How Can Something So Crappy Be Concours Correct?

It takes a lot of work to duplicate the as-delivered appearance. Here you can see the different colors and overspray that were present when the car was new.

This is the only exterior part of the body that got new paint. Someday it will all look clean and new, but we're still enjoying the rough patina.

To be concours correct by MCA standards, you need to have three different colors and obvious overspray underneath the car. If you over-restore it, it won’t be factory correct. You will lose points and value.

To make a rough old Mustang concours correct underneath for Mustang Cub of America judging takes a lot of work. It took our body man, Tom Prescott, 111 hours to get just the underside, the engine compartment and the trunk of our Shelby GT 350 painted to concours standards. This did include fixing rust around the lip of the trunk, but did not include any work on the outside of the body, except where the trunk lip repair moved into the top of the rear quarter panel.

We also had at least a hundred of our own hours, scraping, dismantling, steam-cleaning and detailing parts to put back on the chassis. Our instinct would be to make the paint uniform underneath. We would either paint the whole chassis with the red-oxide type primer that Ford used, or better yet paint it Lime Gold. What Ford did originally on a Mustang is paint the entire underside red-oxide primer, then they came back in and painted some of the body color underneath—mostly by overspray. Then they painted the rocker panel seam and the engine compartment semi-gloss black. Seam sealer also needs to be brushed on—some under this previously mentioned paint and some over it.

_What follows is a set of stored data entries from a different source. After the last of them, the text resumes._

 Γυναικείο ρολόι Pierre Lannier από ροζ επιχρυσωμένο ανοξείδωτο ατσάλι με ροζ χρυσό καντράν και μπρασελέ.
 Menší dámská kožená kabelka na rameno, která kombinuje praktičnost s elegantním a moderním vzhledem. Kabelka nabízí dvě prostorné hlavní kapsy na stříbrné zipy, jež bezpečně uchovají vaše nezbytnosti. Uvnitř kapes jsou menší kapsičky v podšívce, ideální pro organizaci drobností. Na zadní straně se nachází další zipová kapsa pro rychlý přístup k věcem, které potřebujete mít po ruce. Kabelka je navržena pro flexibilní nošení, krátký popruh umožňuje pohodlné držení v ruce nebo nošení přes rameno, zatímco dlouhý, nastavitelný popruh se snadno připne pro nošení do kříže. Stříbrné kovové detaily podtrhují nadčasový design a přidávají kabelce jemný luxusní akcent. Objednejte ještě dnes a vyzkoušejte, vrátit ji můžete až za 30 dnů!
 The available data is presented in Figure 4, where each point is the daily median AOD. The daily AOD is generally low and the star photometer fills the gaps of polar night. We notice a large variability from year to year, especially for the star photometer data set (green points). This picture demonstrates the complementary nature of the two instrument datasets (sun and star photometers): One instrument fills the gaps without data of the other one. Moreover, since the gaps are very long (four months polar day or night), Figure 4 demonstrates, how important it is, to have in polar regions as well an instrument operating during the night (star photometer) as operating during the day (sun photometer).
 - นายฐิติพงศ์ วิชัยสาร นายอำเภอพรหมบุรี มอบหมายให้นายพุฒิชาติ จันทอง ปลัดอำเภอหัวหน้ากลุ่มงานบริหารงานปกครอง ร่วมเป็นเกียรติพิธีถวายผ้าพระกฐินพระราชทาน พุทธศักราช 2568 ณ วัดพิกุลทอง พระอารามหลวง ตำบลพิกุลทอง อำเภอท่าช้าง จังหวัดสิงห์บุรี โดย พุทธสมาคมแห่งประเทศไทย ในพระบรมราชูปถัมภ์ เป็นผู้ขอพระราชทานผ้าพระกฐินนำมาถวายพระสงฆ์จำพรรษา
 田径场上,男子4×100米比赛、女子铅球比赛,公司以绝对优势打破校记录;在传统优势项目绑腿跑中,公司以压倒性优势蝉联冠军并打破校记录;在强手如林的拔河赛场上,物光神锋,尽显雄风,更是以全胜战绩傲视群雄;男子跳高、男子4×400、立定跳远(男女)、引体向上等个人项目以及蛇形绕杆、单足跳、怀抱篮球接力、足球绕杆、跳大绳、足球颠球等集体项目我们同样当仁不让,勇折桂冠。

To learn exactly how Ford did it, we went to Orlando Mustang and studied some of their MCA award-winning cars. These guys know every trick and tip to restore a Mustang to award-winning condition and they were willing to share this information. We took pictures and notes and they even provided us with a set of concours guidelines that we could follow.

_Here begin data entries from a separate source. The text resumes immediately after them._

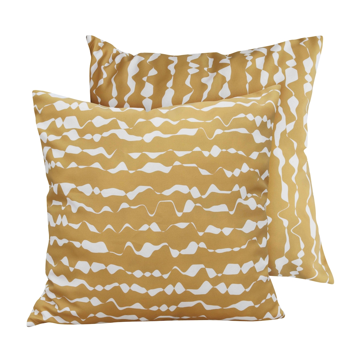 Oviala Business Set mit 2 quadratischen Polyesterkissen 45x45x8 cm weiß und ocker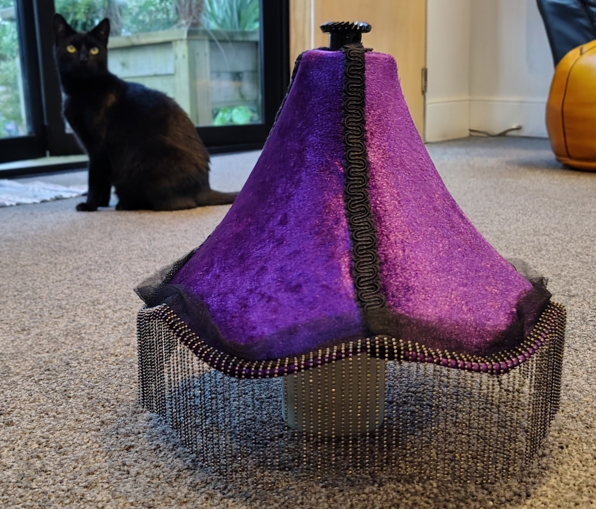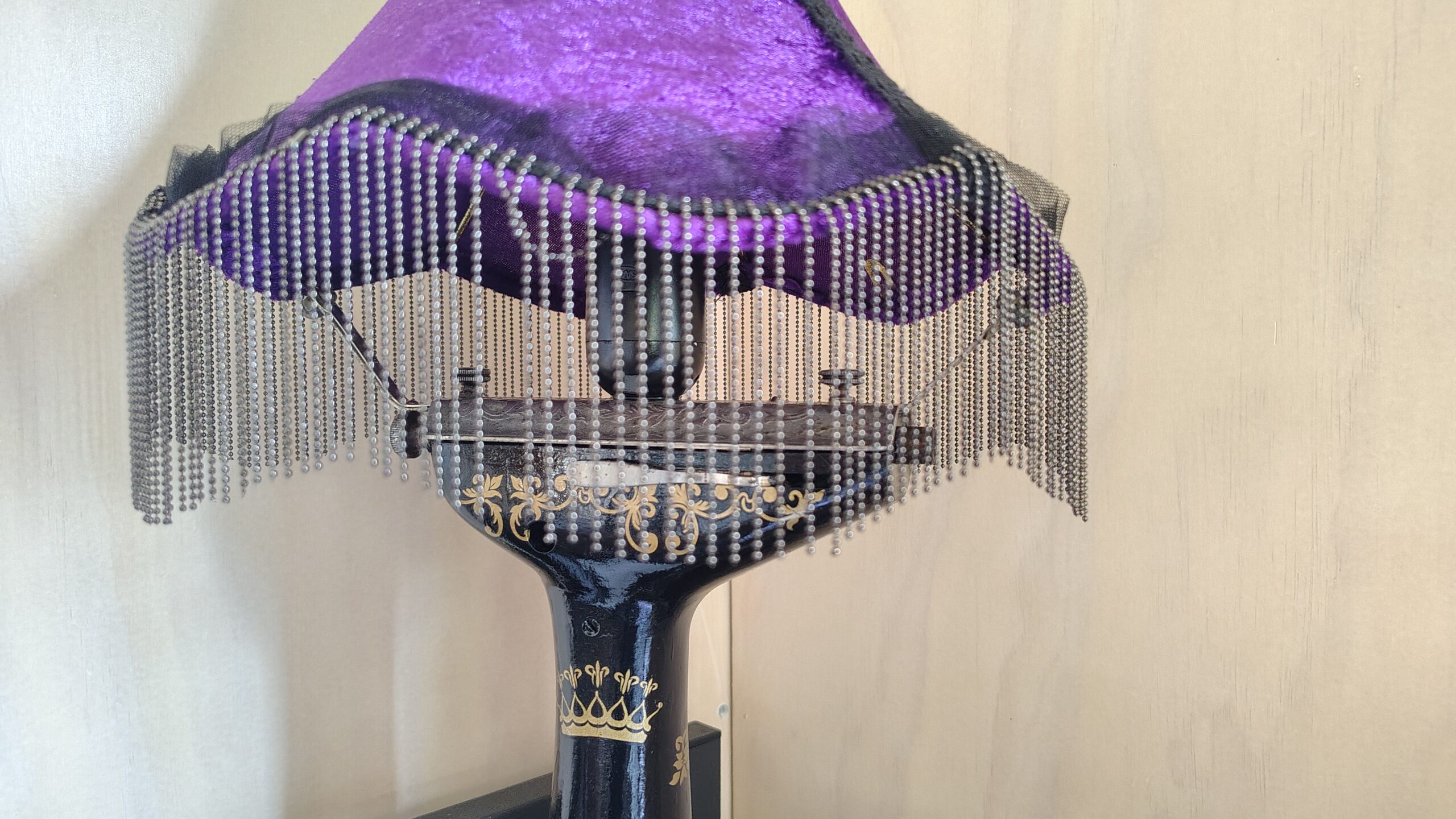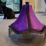 The lamp shade started life as an end of life wrecked shade rescued from an op shop. We hand sewed the velvet to the frame with lace and a metal trim to give it the finish we wanted.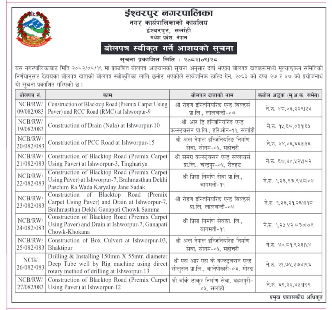 » बोलपत्र स्वीकृत गर्ने आशयको सूचना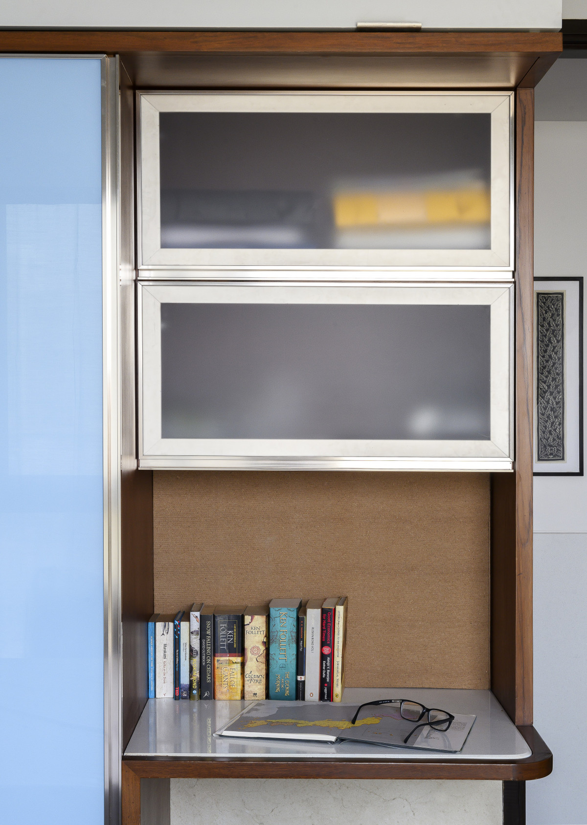 The unit is finished in a rich mahogany veneer and soft beige fabric for the seating. The second unit comprises a fold-down dining table counter, a serving desk, utility storage and a wall filled with photographs of Aazad compiled by an artist friend. A subtle language of flush timber pulls, camouflaged storage spaces and stone counter tops ensures utility with a touch of elegance.

For paint, we used PPG DP 974 to duplicate the red oxide primer. We duplicated the original satin black finish with Mathews N923 semi-gloss black. On smaller pieces we used either powder coating for high wear pieces and Eastwood Chassis Black on most everything else.

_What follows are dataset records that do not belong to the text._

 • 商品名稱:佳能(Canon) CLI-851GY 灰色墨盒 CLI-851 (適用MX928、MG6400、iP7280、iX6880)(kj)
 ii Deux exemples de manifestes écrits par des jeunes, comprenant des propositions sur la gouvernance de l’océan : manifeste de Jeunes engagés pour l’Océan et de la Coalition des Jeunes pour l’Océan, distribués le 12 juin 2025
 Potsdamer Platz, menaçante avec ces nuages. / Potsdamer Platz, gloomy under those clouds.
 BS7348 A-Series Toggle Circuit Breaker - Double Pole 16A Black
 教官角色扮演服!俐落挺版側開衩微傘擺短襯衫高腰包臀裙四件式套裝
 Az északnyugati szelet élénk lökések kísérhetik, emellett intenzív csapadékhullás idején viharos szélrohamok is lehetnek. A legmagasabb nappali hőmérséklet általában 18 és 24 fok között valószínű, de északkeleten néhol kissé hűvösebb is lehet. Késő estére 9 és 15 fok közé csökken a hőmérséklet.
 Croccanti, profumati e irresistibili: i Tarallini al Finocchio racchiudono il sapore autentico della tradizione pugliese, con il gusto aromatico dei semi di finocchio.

To be concours-correct by MCA standards, you need to have three different colors and obvious overspray underneath the car. If you over-restore it, it won’t be factory correct— you will lose points and value. They also publish a whole list of what color each component should be. Oddly, a lot of the pieces underneath an early Mustang were left bare metal, which turns quickly into rust. For these items, like brake rotors and brakes drums, it is acceptable to paint them in the color closest to bare steel. Eastwood makes a lot of products to duplicate this look and we had good luck with their cast grey paint and their paint products for the pieces that were supposed to look that way.